半月間、テレビ・新聞・ネット情報から遠ざかっていた。
高々半月であったので今浦島になることもなかったが、それでも広島カープは2位から5位と順位を下げ、改造岸田政権が船出していた。
15日間の後半は、持ち込んだ本を読み尽くしたために数独パズルと音楽のみとなったが、アマリア・ロドリゲスの数曲に癒された思いがする。
アマリア・ロドリゲスを知ったのは、北方健三先生の作中で、主人公が訪れるバーのBGMが木曜日は彼女のファドが流される設定となっていたことからである。昨日彼女の足跡をWikipediaでたどると、ポルトガルの国民的歌姫で、日本になぞらえるとポルトガル国民からは美空ひばりさんと八代亜紀さんを併せた以上の支持を得た存在であったとされていた。さらに《1999年に79歳で死去した際、ポルトガルは3日間の喪に服し、2001年にはリスボンのサンタ・エングラシア教会に移送され、エンリケ航海王子、ヴァスコ・ダ・ガマらとともに、国民的英雄10人の一人として眠っている。》と結ばれ、まさに国葬に匹敵する栄誉に彩られているようである。
国葬と云えば、レゲエの先駆者であるジャマイカのボブ・マーリーは国葬でおくられ、世界的FIドライバーのアイルトン・セナが事故死した際にはブラジルは3日間の服喪期間を設けたとされている。

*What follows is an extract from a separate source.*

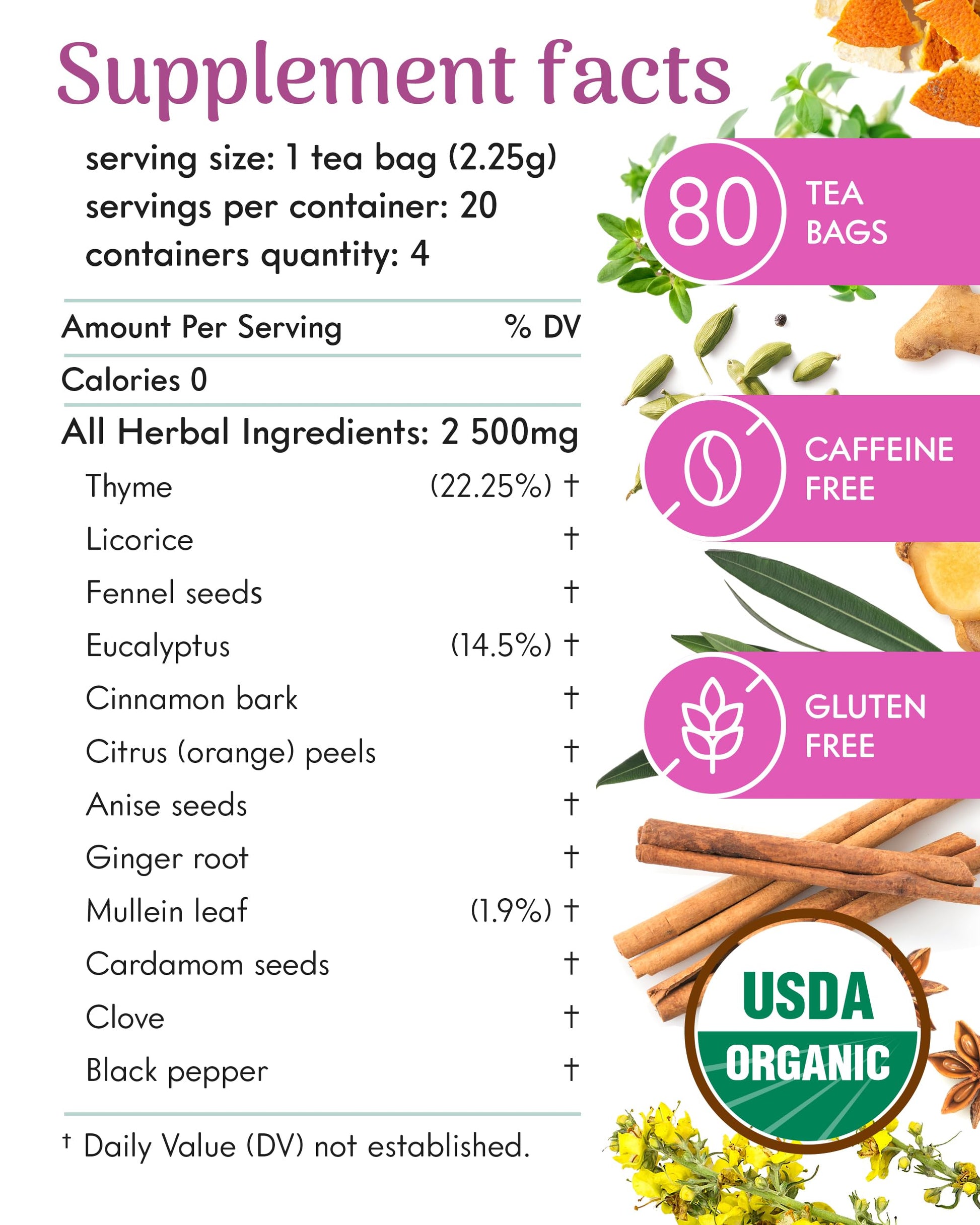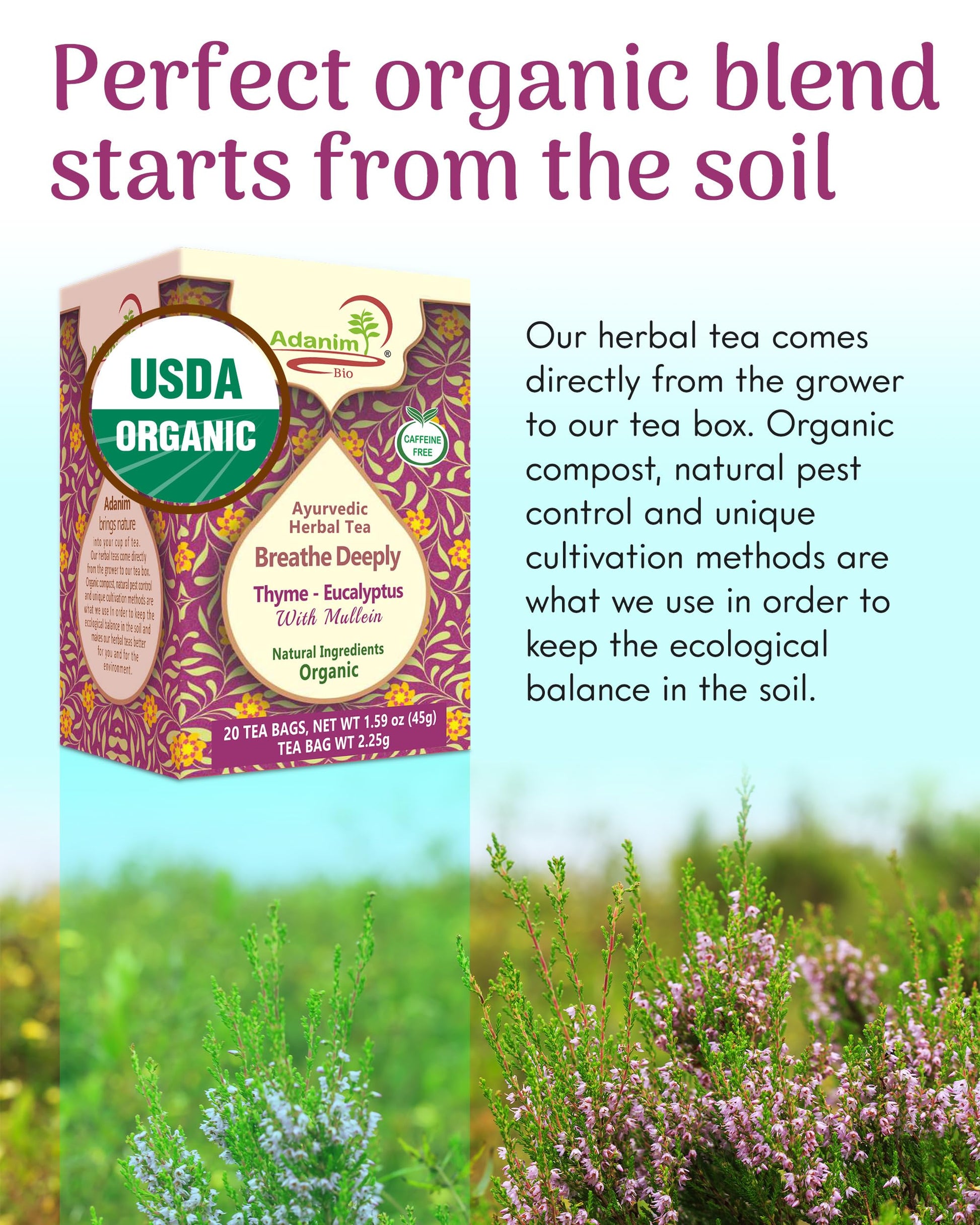 Adanim Bio Thyme Tea, Value Pack 80 Teabags With Organic Mullein Leaf And Eucalyptus Tea, Enhanced Respiratory And Lung Health, Caffeine Free Thyme Tea Bags
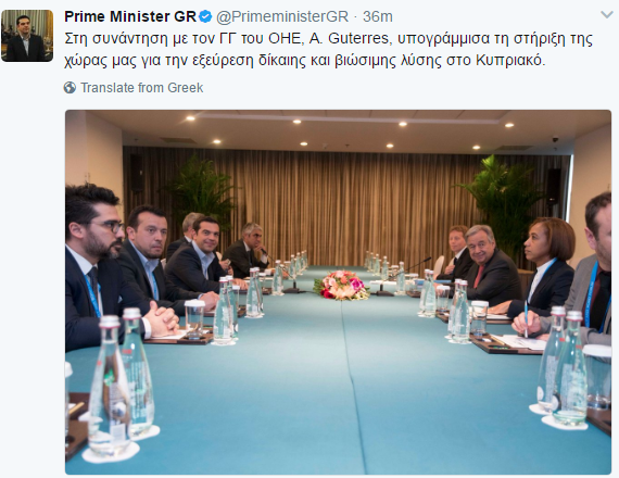 « Στη συνάντηση με τον ΓΓ του ΟΗΕ, A. Guterres, υπογράμμισα τη στήριξη της χώρας μας για την εξεύρεση δίκαιης και βιώσιμης λύσης στο Κυπριακό», έγραψε στο Twitter ο Πρωθυπουργός.

安倍晋三氏の国葬問題に関しては、15日間で沈静化したであろうと思っていたが、溜まった新聞を読み返すと、相も変わらずに怪しげな市民団体が「国葬費用の支弁停止訴訟」を起こしたり、一部識者は旧世界基督教統一神霊協会との関係性等から国葬に対して懐疑的な主張を繰り返しているようである。
歴史・全世界を眺めても、政治・軍事的に類稀な実績を挙げて英雄と評価される人の多くも倫理的には完全無欠の聖人君子でないことも多いし、国葬の栄に浴した著名人を眺めても高い倫理感で人生を全うされたのはマザー・テレサだけであろうとするのは暴論であろうか。
「世の中に 蚊ほどうるさき ものは無しブンブ(文武)ブンブと 夜も寝られず」との狂歌は有名であるが、「心得ぬ 鈴虫ほどうるさき ものは無し リンリ(倫理)リンリと 世情を騒がす」
アマリア・ロドリゲスのファドから導かれた狂歌。どうでしょうか?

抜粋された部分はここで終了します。